Disc degeneration is a progressive imbalance of anabolic and catabolic processes that result in tissue loss, which disrupts the anatomy, alters the loading, and results in progressive desiccation. Depiction of disc degeneration based on Thompson Grading.

Figure 2

The study consisted of 2 phases: a screening phase (enrollment) followed by the active phase (12 months). As outlined, there was an indeterminate overlap of up to 2 weeks between the end of the screening phase and the start of the active phase for individual subjects. Subjects met entry criteria for both phases to be eligible and 2 weeks' opportunity was allowed for the subjects to evaluate the protocol and consent to their participation. Although 2 weeks were provided, subjects were eligible following their consent documentation being reviewed and received.

Figure 3

Subjects participating in the VAST Trial were randomized at 3.5:1:1 to receive a supplemental allograft (VIA Disc Matrix), saline as a placebo, or to continue under nonsurgical management (NSM). The assignment of the subjects to treatment (viable matrix supplement, saline placebo, or standard of care) was performed in a randomized manner after informed consent has been obtained.

Figure 4

Reduction in pain was evident in both of the active treatment groups in the study. Subjects who had been randomized to continue nonsurgical management (NSM) demonstrated no relief. The NSM subjects were further evaluated at 3 months (vertical dashed line), and unable to continue, all subjects crossed over to VIA Disc Tissue Matrix. Their response followed the trajectory of the active arms of the study and outcome demonstrated the largest improvement. One subject in the saline-treated group could not continue the study, and after 6 months crossed over to VIA Disc. The horizontal dashed line reflects that progress averaged into the small (4 subjects) placebo group. All patients receiving the randomized allograft completed the study in their cohort. In total, 21 of 24 subjects received the VIA Disc Tissue Matrix either randomized or open label.

Figure 5

Functional improvement was evident in both of the active treatment groups in the study. Subjects who had been randomized to continue nonsurgical (NSM) demonstrated no improvement. The NSM subjects were further evaluated at 3 months (vertical dashed line), and unable to continue, all subjects crossed over to VIA Disc Tissue Matrix. Their response followed the trajectory of the active arms of the study and outcome demonstrated the largest improvement. One subject in the saline-treated group could not continue the study, and after 6 months crossed over to VIA Disc. The horizontal dashed line reflects that progress averaged into the small (4 subjects) placebo group.
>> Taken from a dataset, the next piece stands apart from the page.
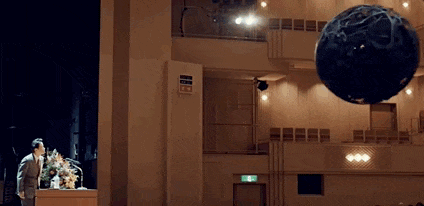 而黑球缓慢靠近,在与市长身体接触的一瞬间,市长的上半身消失了,台下的观众也被吓到落荒而逃。

All patients receiving the randomized allograft completed the study in their cohort. In total, 21 of 24 subjects received the VIA Disc Tissue Matrix either randomized or open label.

Figure 6

MRI images were used to qualify patients for inclusion in the study. Modified Pfirrmann scores between 3 and 6 were acceptable evaluations for participation. Signal intensity and morphologic distinction in the nucleus are noted. More important, pain reduction and functional improvement supported patient satisfaction in the treatment.

Figure 7

Images at 12 months demonstrated improvement in morphology, disc height, and patient indices of pain and functional improvement followed.